Multiply -4 times 2.

w=\frac{-\left(-1\right)±\sqrt{1+528}}{2\times 2}

Multiply -8 times -66.

w=\frac{-\left(-1\right)±\sqrt{529}}{2\times 2}

Add 1 to 528.

w=\frac{-\left(-1\right)±23}{2\times 2}

Take the square root of 529.

w=\frac{1±23}{2\times 2}

The opposite of -1 is 1.

w=\frac{1±23}{4}

Multiply 2 times 2.

w=\frac{24}{4}

Now solve the equation w=\frac{1±23}{4} when ± is plus. Add 1 to 23.

w=6

Divide 24 by 4.

w=-\frac{22}{4}

Now solve the equation w=\frac{1±23}{4} when ± is minus. Subtract 23 from 1.

w=-\frac{11}{2}

Reduce the fraction \frac{-22}{4} to lowest terms by extracting and canceling out 2.

w=6 w=-\frac{11}{2}

The equation is now solved.

2w^{2}-w=66

Quadratic equations such as this one can be solved by completing the square. In order to complete the square, the equation must first be in the form x^{2}+bx=c.
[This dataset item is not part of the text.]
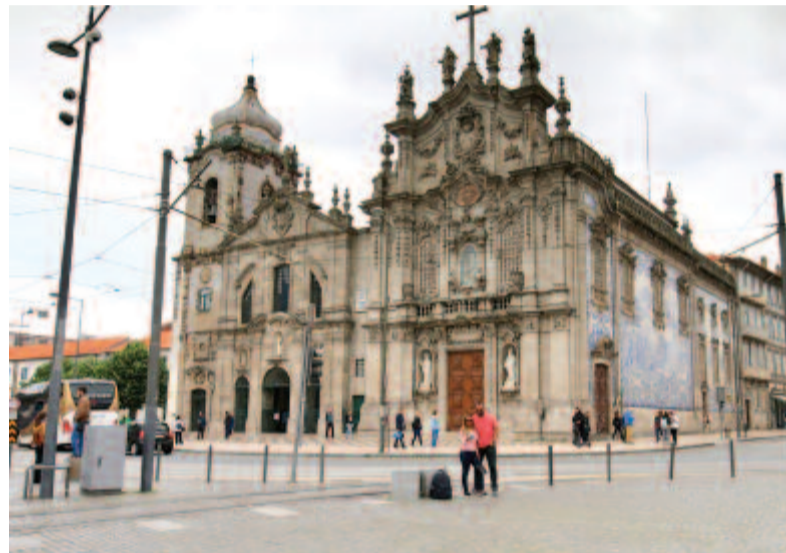
A karmelita és a Carmo templom

Az óváros központi részében vagyunk, sok a templom körülöttünk. Elsőnek a karmelita, illetve Carmo templomot nézzük meg. Ránézésre egy templomnak tűnik, de ahogy köze-

\frac{2w^{2}-w}{2}=\frac{66}{2}

Divide both sides by 2.

w^{2}-\frac{1}{2}w=\frac{66}{2}

Dividing by 2 undoes the multiplication by 2.

w^{2}-\frac{1}{2}w=33

Divide 66 by 2.

w^{2}-\frac{1}{2}w+\left(-\frac{1}{4}\right)^{2}=33+\left(-\frac{1}{4}\right)^{2}

Divide -\frac{1}{2}, the coefficient of the x term, by 2 to get -\frac{1}{4}. Then add the square of -\frac{1}{4} to both sides of the equation. This step makes the left hand side of the equation a perfect square.

w^{2}-\frac{1}{2}w+\frac{1}{16}=33+\frac{1}{16}

Square -\frac{1}{4} by squaring both the numerator and the denominator of the fraction.

w^{2}-\frac{1}{2}w+\frac{1}{16}=\frac{529}{16}

Add 33 to \frac{1}{16}.

\left(w-\frac{1}{4}\right)^{2}=\frac{529}{16}

Factor w^{2}-\frac{1}{2}w+\frac{1}{16}. In general, when x^{2}+bx+c is a perfect square, it can always be factored as \left(x+\frac{b}{2}\right)^{2}.

\sqrt{\left(w-\frac{1}{4}\right)^{2}}=\sqrt{\frac{529}{16}}

Take the square root of both sides of the equation.

w-\frac{1}{4}=\frac{23}{4} w-\frac{1}{4}=-\frac{23}{4}

Simplify.

w=6 w=-\frac{11}{2}

Add \frac{1}{4} to both sides of the equation.